Your answer must be the lines from the top of the listing below through the line that holds "MSI/微星泰坦17 AI 酷睿U9", retyped exactly, with no pictures.

Given information -
--- --- ---

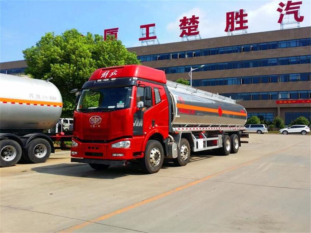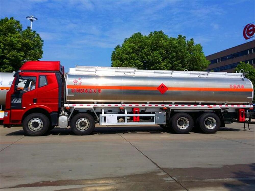 1.底盤配置:底盤采用解放J6前四后八危險品專用底盤,新規空氣懸架符合新規,全車選用輕量化鋁合金輪轂,搭配大柴320馬力發動機,解放9檔變速箱,整車不超重,額載21噸,兩個鋁合金歐標灌口,一個鋁合金海底閥(緊急切斷閥),一個鋁合金泄油閥,一個防溢流閥,一套油氣回收裝置,配兩個滅火器,兩根與罐體等長的輸油管,防火帽,接地靜電線,粘貼易燃液體貼,后部貼反光標志,安全告示板。車體前段帶有爬梯,檢查罐體更方便!
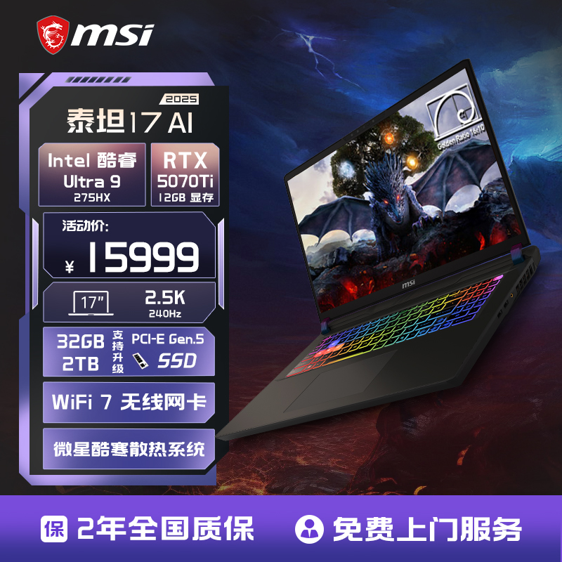 MSI/微星泰坦17 AI 酷睿U9 275HX笔记本电脑RTX5070Ti满血显卡 2.5K240Hz 17英寸大屏游戏本官方旗舰店
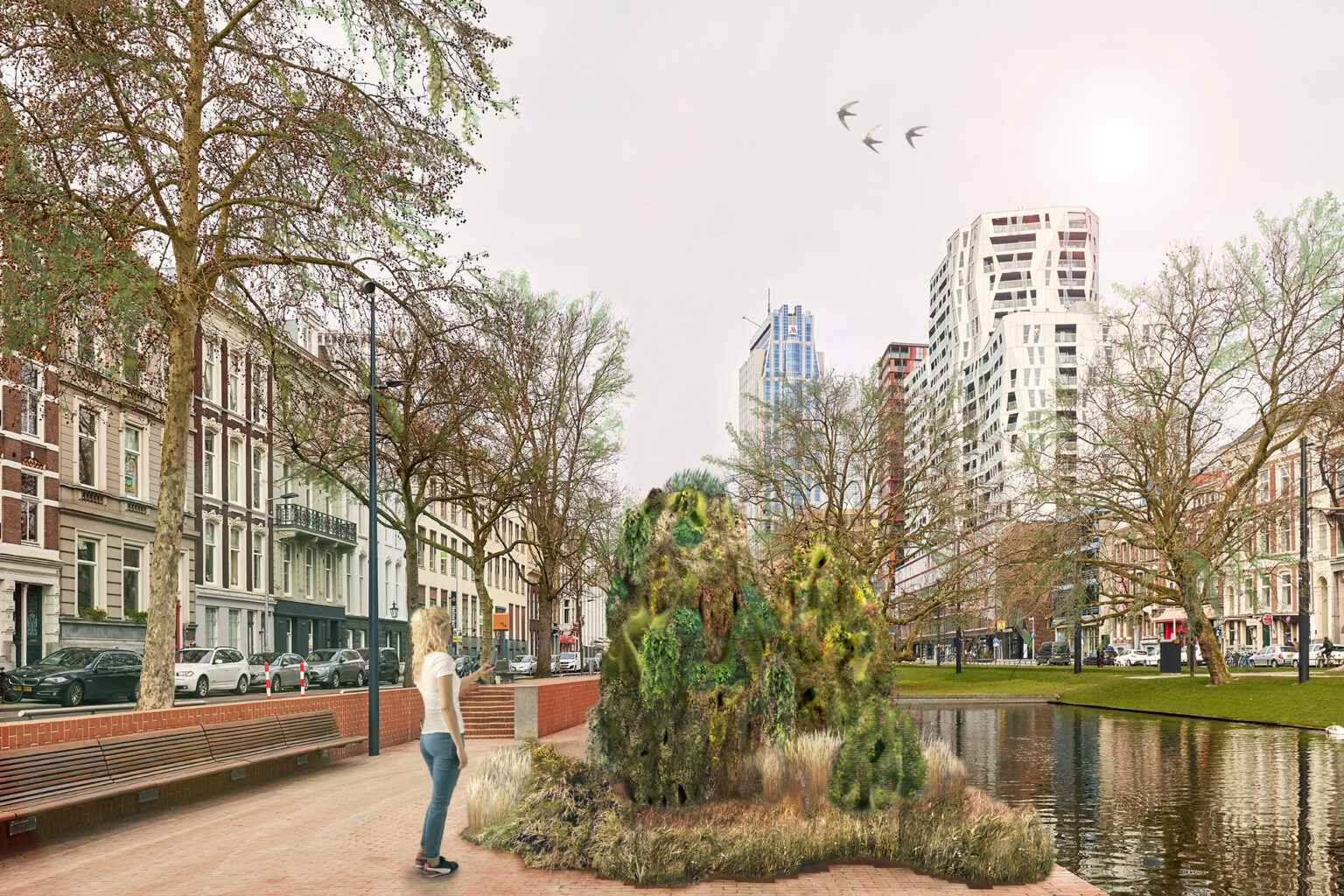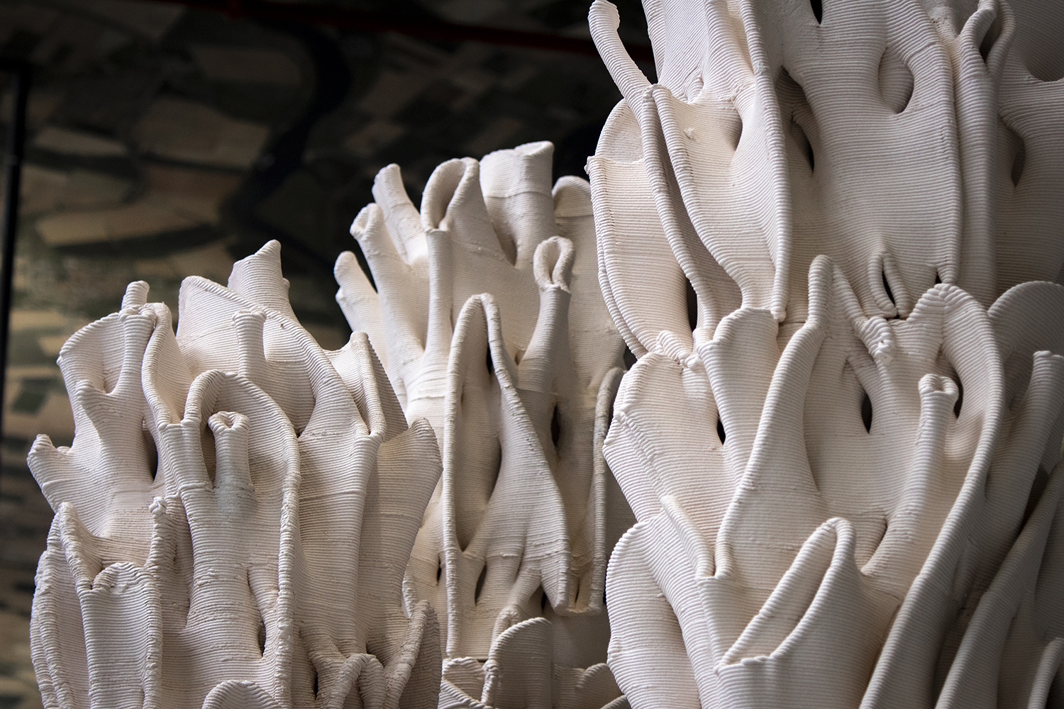 Urban Reef ziet de stad als een levend landschap, een rif. Een bio-inclusieve stad biedt niet alleen onderkomen voor de mens, maar voor allerlei soorten leven. Maar vaak wordt er geen rekening gehouden met niet-menselijke belangen: stedelijke gebieden veranderen in biodiversiteitswoestijnen en hitte-eilanden. Poreuze ruimtes en microklimaten ondersteunen stedelijke ecologie en verminderen klimaatproblemen. De door algoritmen gegenereerde, 3D-geprinte ‘Reefs’ bieden variaties in vochtigheid, porositeit, materialen en oriëntatie op zon, wind en regen. De sculpturen absorberen water en warmte en werken als stedelijke ecologische stapstenen. In het komende prototype meten IoT-sensoren klimaatschommelingen, terwijl een speelse ‘Tamagotchi’ de data visualiseert voor voorbijgangers.

--- --- ---

Task result -
 1.底盤配置:底盤采用解放J6前四后八危險品專用底盤,新規空氣懸架符合新規,全車選用輕量化鋁合金輪轂,搭配大柴320馬力發動機,解放9檔變速箱,整車不超重,額載21噸,兩個鋁合金歐標灌口,一個鋁合金海底閥(緊急切斷閥),一個鋁合金泄油閥,一個防溢流閥,一套油氣回收裝置,配兩個滅火器,兩根與罐體等長的輸油管,防火帽,接地靜電線,粘貼易燃液體貼,后部貼反光標志,安全告示板。車體前段帶有爬梯,檢查罐體更方便!
 MSI/微星泰坦17 AI 酷睿U9 275HX笔记本电脑RTX5070Ti满血显卡 2.5K240Hz 17英寸大屏游戏本官方旗舰店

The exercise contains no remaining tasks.